#RealMoneyTalk: How To Manage Your Student Loans As a Freelancer

Real Money Talk

As a freelancer, you face a lot of challenges that other workers might not face. It’s important to think about the ways you manage debt, especially student loans, while also maintaining a budget that helps you track your progress towards your financial goals. But, why the emphasis on student loan debt?

Student loan debt is extremely difficult to wipe away, even in bankruptcy. While many say it’s impossible to wipe it away, the truth is that it depends on the judge you end up with during your legal battle and what the bankruptcy rules are in the district. The law includes unclear language that says a student must prove “undue hardship” will occur if they submit payments to their student loan issuer. Congress does not have a specific definition of what this actually means, so in a case, it’s left to the courts and judge to interpret.

It’s safe to say that most people with student loans, especially freelance workers, will not be willing or able to file for bankruptcy, so it’s especially important to put measures in place that help deal with an inconsistent monthly income. Here are 4 factors to consider when managing student loans as a freelancer.

Improve your time management skills

Time management is a critical skill for freelancers. Nobody’s there to tell you what to do– you’re the boss. When organizing your time, be sure to devote some to understanding the complex language of your student loans. Just 20 minutes of reading per day can help you break down complex terms such as deferment and forbearance. Not understanding your responsibility with student loans can cost you points on your credit score and harm you in other ways in the long run. So, making time now to really grasp your situation and what your options are can go a long way! 

Make the minimum payment 

Many financial experts and gurus tend to preach that making the minimum payment on your debt is a bad idea. This is primarily because it extends the term of your loan, meaning how long it takes for you to pay it off. The reality is, it’s okay to use this as a temporary relief tool. Once you’re able to contribute more money each month, you absolutely should. This will save you time and money from making interest payments. Making the minimum payment keeps your credit in good standing because you’re not missing any monthly payments. As long as you commit to increase your monthly contributions, then this is a perfectly viable crutch to lean on when you’re low of gigs or looking for new clientele. 

Consider your repayment plan options 

As a freelancer, it’s tough to know when you’ll have more money coming in from higher-paying projects.

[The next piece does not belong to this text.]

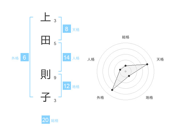 上田 則子さんの天格は8画の4点!

However, you can calculate your average income based on your income in the past 3-6 months to see if it qualifies you for a lower student loan payment. This is available to those who have federal student loans through the United States government.

To do this, log on to your student loan portal online to see if the “income-based” repayment option could be right for you. As your income increases over time, so will your monthly payments. If you have trouble gathering documents that show a trend of low-income, then you may want to check out the extended graduated repayment plan. This will lower your monthly payment as it splits your payments evenly throughout a little more than two decades. The key here is to make sure that you are not automatically enrolled in the 10-year standard repayment plan. This plan is aggressive and comes with a higher student loan payment each month. Make sure that you are in control of the repayment plan you’re following. 

Charge a fair rate for your work

Many freelancers get stuck when it comes to setting fair prices for their services or products. It’s very important that you conduct some market research to ensure your rates are similar the standard going rate win the market. The worst thing you can do is under-charge for your services. It devalues your work and will bring in a different set of challenges when you eventually try to increase your rate. By bringing in more income, you can begin to set some of that money aside monthly to pay off your debt! 

Create a bare-bones budget

This is a budget that lists your minimum monthly spending required to survive and fulfill your most important financial obligations. That includes things like housing, gas, utilities, required minimum payments on debt, essential food, basic insurance, essential family expenses and basic personal care. It does not include anything fancy or discretionary. This means minimal spending on entertainment, shopping, eating out, travel or any hobbies. While this may sound harsh, the point of a bare-bones budget is to get you through the toughest months. 

This is just a shortlist of things to consider, but it serves as a great starting place for freelancers who may be struggling with student loan debt and not given this much thought yet. 

Trying to tackle all of these steps at once is simply a recipe for disaster. As with any project, start by taking one step at a time! Tackling student loan debt can seem impossible to do when you don’t have a steady paycheck, but with the right tools and mindset, you can definitely put yourself on the right track to pay them off following a timeline that works for you!